_Task to carry out_. Return all of the data below verbatim and exclude every picture.

_Information supplied_.
Content starts

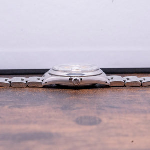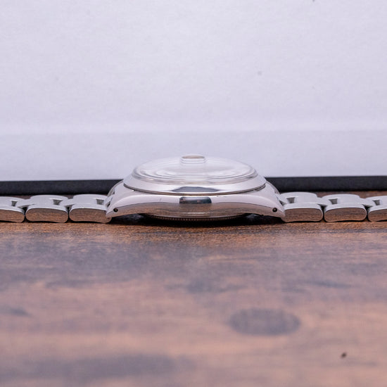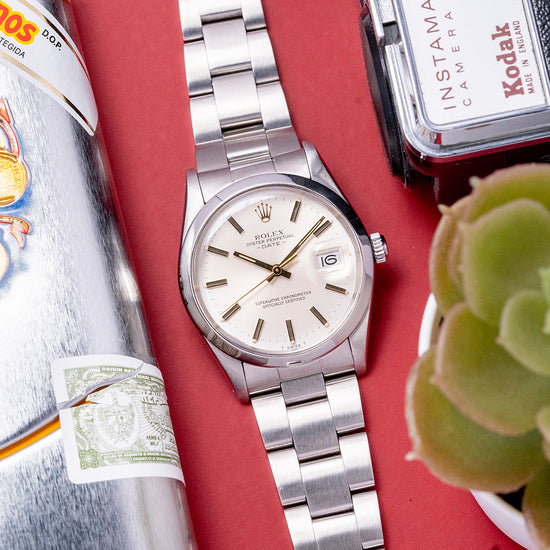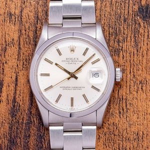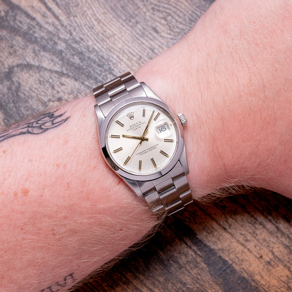Here we have a 1982 Rolex Oyster Perpetual Date Silver Dial 15000 with a 34mm stainless steel Oyster case, the case flows over your wrist with a lug-to-lug length of 42mm and a case thickness of 12mm, ensuring a comfortable fit on your wrist. On the right side is a signed crown. The smooth polished bezel holds a raised plexiglass above a sunburst silver dial, and an outer minute track is precisely printed with Tritium lume pips at the hours, with applied gold baton indexes marking the hours. At 3 o’clock, there is a date window with Cyclops magnification on the crystal. Elegant Gold baton hands are complemented by a sweeping tapered second hand. At 12 o’clock, we have an applied Rolex crown with “Rolex Oyster Perpetual Date” printed underneath and “Superlative Chronometer Officially Certified” at 6 o’clock. On the reverse, a screw-down coin-edged solid case back, inside an automatic Rolex Cal. 3035, which is fitted with a free-sprung Breguet overcoil hairspring and a bi-directional rotor, this movement was manufactured from 1977 until 1988. The watch comes paired with its 19mm Rolex Oyster bracelet with a signed folding clasp and will fit up to a 7.1-inch wrist.
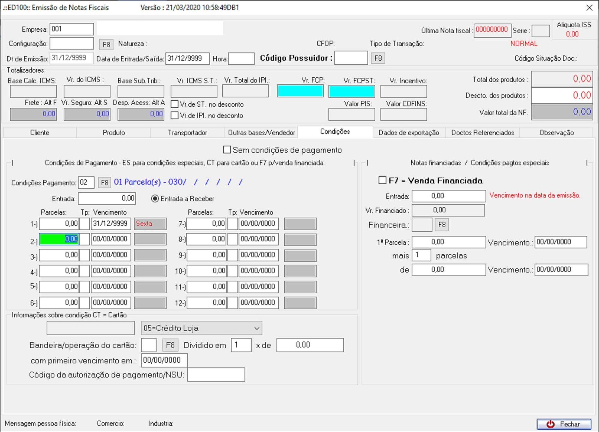 Notas de devolução não possuem condição de pagamento. Nesse caso, marque “Sem condição de pagamento”
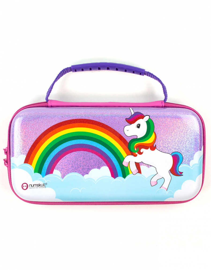 Védőtok Nintendo Switch Lite konzolodhoz kemény kivitelben, aranyos szivárvány és egyszarvú motívummal. A tok nem csak a konzolnak ad helyet, hanem a kábeleknek és egyéb kiegészítőknek is. A rekeszekben akár 8 játékkártya is elfér.Gyártó: Numskull
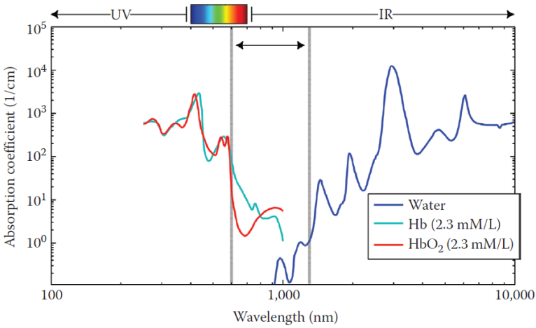 Biological tissues are largely opaque to visible light but become relatively transparent in the near-infrared (NIR) window, roughly 700-900 nm. Two chromophores in this window are biologically relevant for brain monitoring:

Content ends

_Answer_.
Here we have a 1982 Rolex Oyster Perpetual Date Silver Dial 15000 with a 34mm stainless steel Oyster case, the case flows over your wrist with a lug-to-lug length of 42mm and a case thickness of 12mm, ensuring a comfortable fit on your wrist. On the right side is a signed crown. The smooth polished bezel holds a raised plexiglass above a sunburst silver dial, and an outer minute track is precisely printed with Tritium lume pips at the hours, with applied gold baton indexes marking the hours. At 3 o’clock, there is a date window with Cyclops magnification on the crystal. Elegant Gold baton hands are complemented by a sweeping tapered second hand. At 12 o’clock, we have an applied Rolex crown with “Rolex Oyster Perpetual Date” printed underneath and “Superlative Chronometer Officially Certified” at 6 o’clock. On the reverse, a screw-down coin-edged solid case back, inside an automatic Rolex Cal. 3035, which is fitted with a free-sprung Breguet overcoil hairspring and a bi-directional rotor, this movement was manufactured from 1977 until 1988. The watch comes paired with its 19mm Rolex Oyster bracelet with a signed folding clasp and will fit up to a 7.1-inch wrist.
 Notas de devolução não possuem condição de pagamento. Nesse caso, marque “Sem condição de pagamento”
 Védőtok Nintendo Switch Lite konzolodhoz kemény kivitelben, aranyos szivárvány és egyszarvú motívummal. A tok nem csak a konzolnak ad helyet, hanem a kábeleknek és egyéb kiegészítőknek is. A rekeszekben akár 8 játékkártya is elfér.Gyártó: Numskull
 Biological tissues are largely opaque to visible light but become relatively transparent in the near-infrared (NIR) window, roughly 700-900 nm. Two chromophores in this window are biologically relevant for brain monitoring:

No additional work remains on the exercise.